Give back, word for word, the lines in the listing below from the one holding "Het geheim zit" down to the one holding "Stunning open back", both ends included.
Information provided START
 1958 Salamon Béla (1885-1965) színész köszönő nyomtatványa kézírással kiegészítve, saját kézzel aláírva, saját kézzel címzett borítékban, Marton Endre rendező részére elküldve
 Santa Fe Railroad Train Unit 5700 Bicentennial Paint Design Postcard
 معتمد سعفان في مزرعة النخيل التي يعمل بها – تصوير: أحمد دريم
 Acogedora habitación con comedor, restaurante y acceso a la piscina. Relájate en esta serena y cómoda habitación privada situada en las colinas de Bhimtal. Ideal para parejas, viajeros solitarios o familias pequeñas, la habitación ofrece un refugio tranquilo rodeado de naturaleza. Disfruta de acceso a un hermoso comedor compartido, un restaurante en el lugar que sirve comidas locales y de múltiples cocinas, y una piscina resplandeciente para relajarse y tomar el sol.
Information provided END
Information provided START
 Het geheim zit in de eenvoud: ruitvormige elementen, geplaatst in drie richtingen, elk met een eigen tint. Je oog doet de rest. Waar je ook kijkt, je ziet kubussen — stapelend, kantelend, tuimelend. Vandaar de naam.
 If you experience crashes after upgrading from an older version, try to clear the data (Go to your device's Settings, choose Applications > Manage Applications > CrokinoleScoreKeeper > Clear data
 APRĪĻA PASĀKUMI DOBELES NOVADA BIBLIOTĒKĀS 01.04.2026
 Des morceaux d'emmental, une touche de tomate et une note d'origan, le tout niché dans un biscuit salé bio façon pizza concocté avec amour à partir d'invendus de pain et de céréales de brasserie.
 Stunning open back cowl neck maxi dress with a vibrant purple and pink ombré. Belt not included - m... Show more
Information provided END
Information provided START
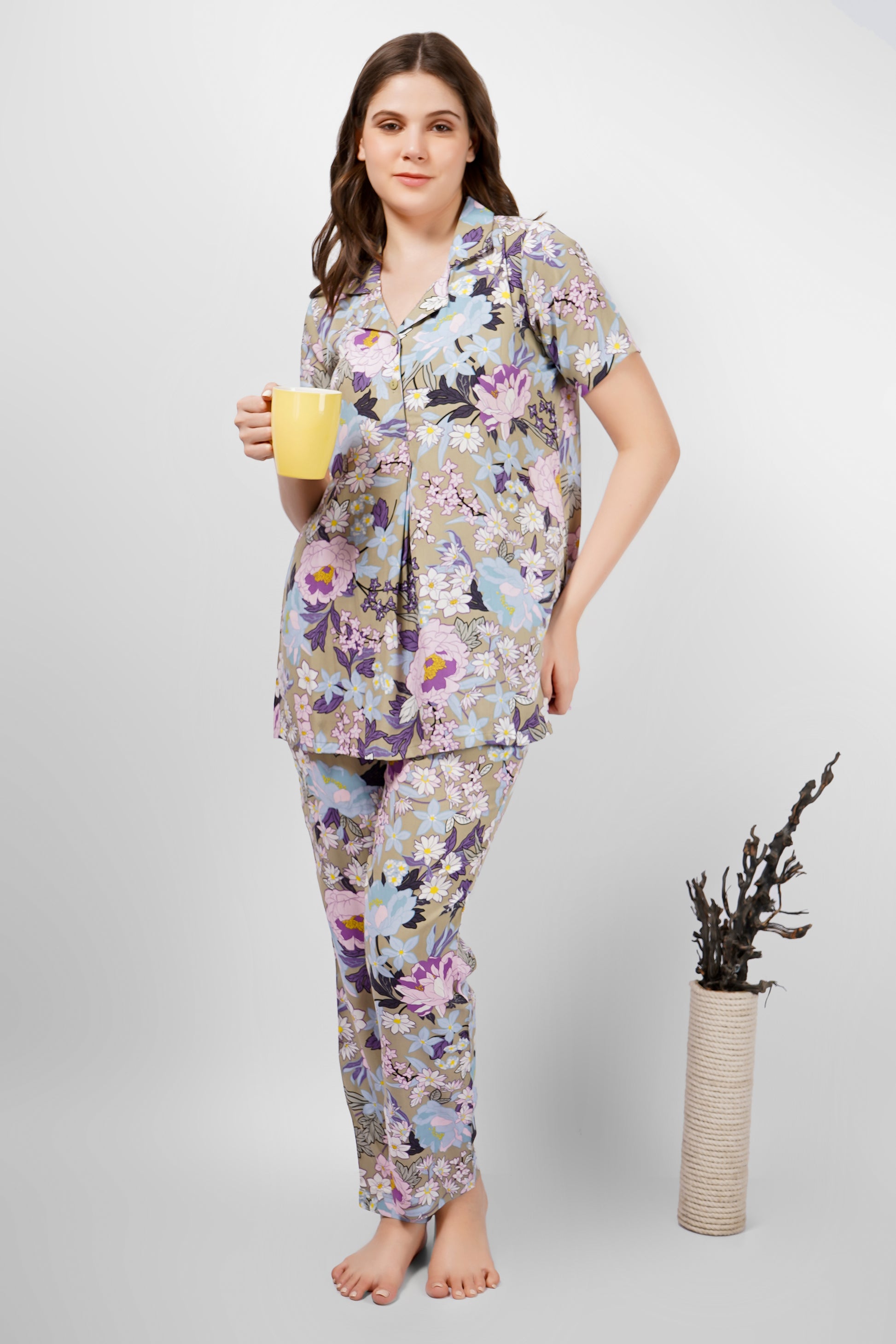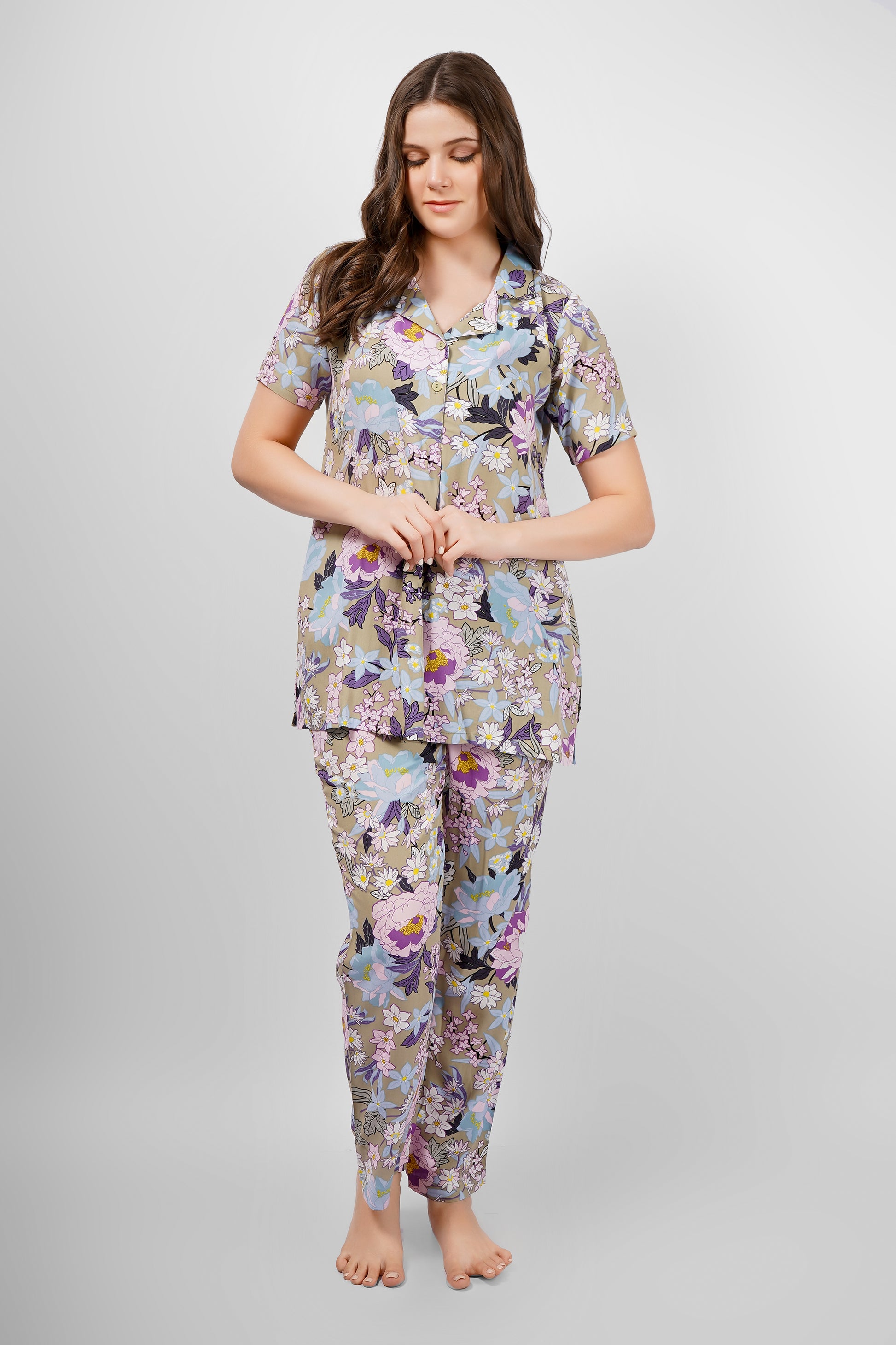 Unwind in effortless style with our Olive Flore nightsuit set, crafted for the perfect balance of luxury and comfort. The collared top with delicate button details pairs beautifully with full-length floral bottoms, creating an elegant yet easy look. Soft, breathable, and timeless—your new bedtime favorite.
Information provided END
* Answer box:
 Het geheim zit in de eenvoud: ruitvormige elementen, geplaatst in drie richtingen, elk met een eigen tint. Je oog doet de rest. Waar je ook kijkt, je ziet kubussen — stapelend, kantelend, tuimelend. Vandaar de naam.
 If you experience crashes after upgrading from an older version, try to clear the data (Go to your device's Settings, choose Applications > Manage Applications > CrokinoleScoreKeeper > Clear data
 APRĪĻA PASĀKUMI DOBELES NOVADA BIBLIOTĒKĀS 01.04.2026
 Des morceaux d'emmental, une touche de tomate et une note d'origan, le tout niché dans un biscuit salé bio façon pizza concocté avec amour à partir d'invendus de pain et de céréales de brasserie.
 Stunning open back cowl neck maxi dress with a vibrant purple and pink ombré. Belt not included - m... Show more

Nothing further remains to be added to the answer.